++++ Available records
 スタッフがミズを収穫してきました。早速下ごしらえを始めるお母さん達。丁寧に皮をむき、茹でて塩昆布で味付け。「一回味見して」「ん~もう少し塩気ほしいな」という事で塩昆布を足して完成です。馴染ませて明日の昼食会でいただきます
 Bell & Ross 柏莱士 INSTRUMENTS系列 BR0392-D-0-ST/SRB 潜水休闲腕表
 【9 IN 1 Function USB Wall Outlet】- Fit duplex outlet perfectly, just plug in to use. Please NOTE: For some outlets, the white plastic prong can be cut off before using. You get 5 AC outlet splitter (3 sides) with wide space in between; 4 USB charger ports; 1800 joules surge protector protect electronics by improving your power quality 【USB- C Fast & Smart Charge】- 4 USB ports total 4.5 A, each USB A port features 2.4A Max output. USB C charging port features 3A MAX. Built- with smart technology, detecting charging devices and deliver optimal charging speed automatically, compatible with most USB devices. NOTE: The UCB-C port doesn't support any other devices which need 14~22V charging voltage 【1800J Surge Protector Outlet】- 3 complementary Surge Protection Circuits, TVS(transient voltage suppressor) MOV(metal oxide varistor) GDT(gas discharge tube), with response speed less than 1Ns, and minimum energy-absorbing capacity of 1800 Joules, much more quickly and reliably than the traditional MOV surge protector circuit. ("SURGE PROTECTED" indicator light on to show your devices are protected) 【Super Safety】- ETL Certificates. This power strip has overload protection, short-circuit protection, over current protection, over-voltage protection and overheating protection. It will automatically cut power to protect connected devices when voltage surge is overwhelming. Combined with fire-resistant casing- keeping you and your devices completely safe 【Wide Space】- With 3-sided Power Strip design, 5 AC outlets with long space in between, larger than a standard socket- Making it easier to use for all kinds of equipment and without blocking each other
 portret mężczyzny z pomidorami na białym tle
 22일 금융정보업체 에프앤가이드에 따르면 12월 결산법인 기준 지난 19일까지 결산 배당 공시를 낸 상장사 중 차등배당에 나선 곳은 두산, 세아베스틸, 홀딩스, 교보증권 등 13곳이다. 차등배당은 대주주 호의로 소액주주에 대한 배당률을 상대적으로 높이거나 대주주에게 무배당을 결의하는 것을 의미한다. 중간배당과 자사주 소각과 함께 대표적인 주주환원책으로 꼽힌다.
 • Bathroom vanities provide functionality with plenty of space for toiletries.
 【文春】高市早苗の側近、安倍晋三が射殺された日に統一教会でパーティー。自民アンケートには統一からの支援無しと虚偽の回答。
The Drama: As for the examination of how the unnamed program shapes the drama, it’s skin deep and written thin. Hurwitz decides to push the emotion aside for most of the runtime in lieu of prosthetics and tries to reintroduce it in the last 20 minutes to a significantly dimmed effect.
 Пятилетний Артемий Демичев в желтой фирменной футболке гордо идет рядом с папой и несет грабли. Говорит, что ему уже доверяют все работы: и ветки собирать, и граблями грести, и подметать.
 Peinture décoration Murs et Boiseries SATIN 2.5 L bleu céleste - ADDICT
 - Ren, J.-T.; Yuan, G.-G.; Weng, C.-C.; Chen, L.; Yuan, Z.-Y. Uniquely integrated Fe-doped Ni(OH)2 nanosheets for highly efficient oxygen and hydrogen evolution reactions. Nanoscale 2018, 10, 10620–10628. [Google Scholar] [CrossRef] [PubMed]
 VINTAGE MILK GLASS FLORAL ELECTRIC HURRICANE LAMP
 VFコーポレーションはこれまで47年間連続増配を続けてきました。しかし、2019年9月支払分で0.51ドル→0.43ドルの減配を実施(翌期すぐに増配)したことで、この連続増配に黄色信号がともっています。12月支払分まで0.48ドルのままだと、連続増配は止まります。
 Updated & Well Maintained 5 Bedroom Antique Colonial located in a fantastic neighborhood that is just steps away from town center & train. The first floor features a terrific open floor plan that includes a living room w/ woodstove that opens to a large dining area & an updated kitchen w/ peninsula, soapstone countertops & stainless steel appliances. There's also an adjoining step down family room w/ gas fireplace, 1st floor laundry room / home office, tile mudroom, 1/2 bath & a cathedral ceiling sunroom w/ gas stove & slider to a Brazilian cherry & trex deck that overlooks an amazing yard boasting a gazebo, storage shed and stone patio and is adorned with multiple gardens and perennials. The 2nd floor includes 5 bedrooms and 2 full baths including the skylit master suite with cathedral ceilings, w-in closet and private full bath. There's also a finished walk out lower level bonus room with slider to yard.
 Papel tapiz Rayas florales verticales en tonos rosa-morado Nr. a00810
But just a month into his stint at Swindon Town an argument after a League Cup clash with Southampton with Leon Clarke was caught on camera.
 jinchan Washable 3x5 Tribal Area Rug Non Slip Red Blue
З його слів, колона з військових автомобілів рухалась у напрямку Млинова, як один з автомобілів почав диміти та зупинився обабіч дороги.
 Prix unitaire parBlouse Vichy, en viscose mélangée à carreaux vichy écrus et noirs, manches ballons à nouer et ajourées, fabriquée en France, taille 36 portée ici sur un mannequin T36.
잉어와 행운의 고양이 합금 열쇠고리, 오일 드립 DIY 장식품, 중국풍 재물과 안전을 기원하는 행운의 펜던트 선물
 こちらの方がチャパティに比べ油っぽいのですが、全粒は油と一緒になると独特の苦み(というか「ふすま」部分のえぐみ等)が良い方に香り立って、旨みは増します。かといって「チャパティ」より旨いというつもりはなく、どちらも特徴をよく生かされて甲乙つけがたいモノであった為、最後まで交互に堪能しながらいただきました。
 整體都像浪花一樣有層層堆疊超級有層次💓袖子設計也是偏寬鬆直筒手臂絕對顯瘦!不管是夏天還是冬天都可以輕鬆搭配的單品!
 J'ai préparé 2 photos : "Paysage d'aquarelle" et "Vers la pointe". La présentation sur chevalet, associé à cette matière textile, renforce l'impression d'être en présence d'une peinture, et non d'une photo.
++++++++
Exercise goal: Look above for the line holding "Peinture décoration Murs". Print it and every line after it, exactly, through the line holding "VFコーポレーションはこれま".

Output for this exercise:
 Peinture décoration Murs et Boiseries SATIN 2.5 L bleu céleste - ADDICT
 - Ren, J.-T.; Yuan, G.-G.; Weng, C.-C.; Chen, L.; Yuan, Z.-Y. Uniquely integrated Fe-doped Ni(OH)2 nanosheets for highly efficient oxygen and hydrogen evolution reactions. Nanoscale 2018, 10, 10620–10628. [Google Scholar] [CrossRef] [PubMed]
 VINTAGE MILK GLASS FLORAL ELECTRIC HURRICANE LAMP
 VFコーポレーションはこれまで47年間連続増配を続けてきました。しかし、2019年9月支払分で0.51ドル→0.43ドルの減配を実施(翌期すぐに増配)したことで、この連続増配に黄色信号がともっています。12月支払分まで0.48ドルのままだと、連続増配は止まります。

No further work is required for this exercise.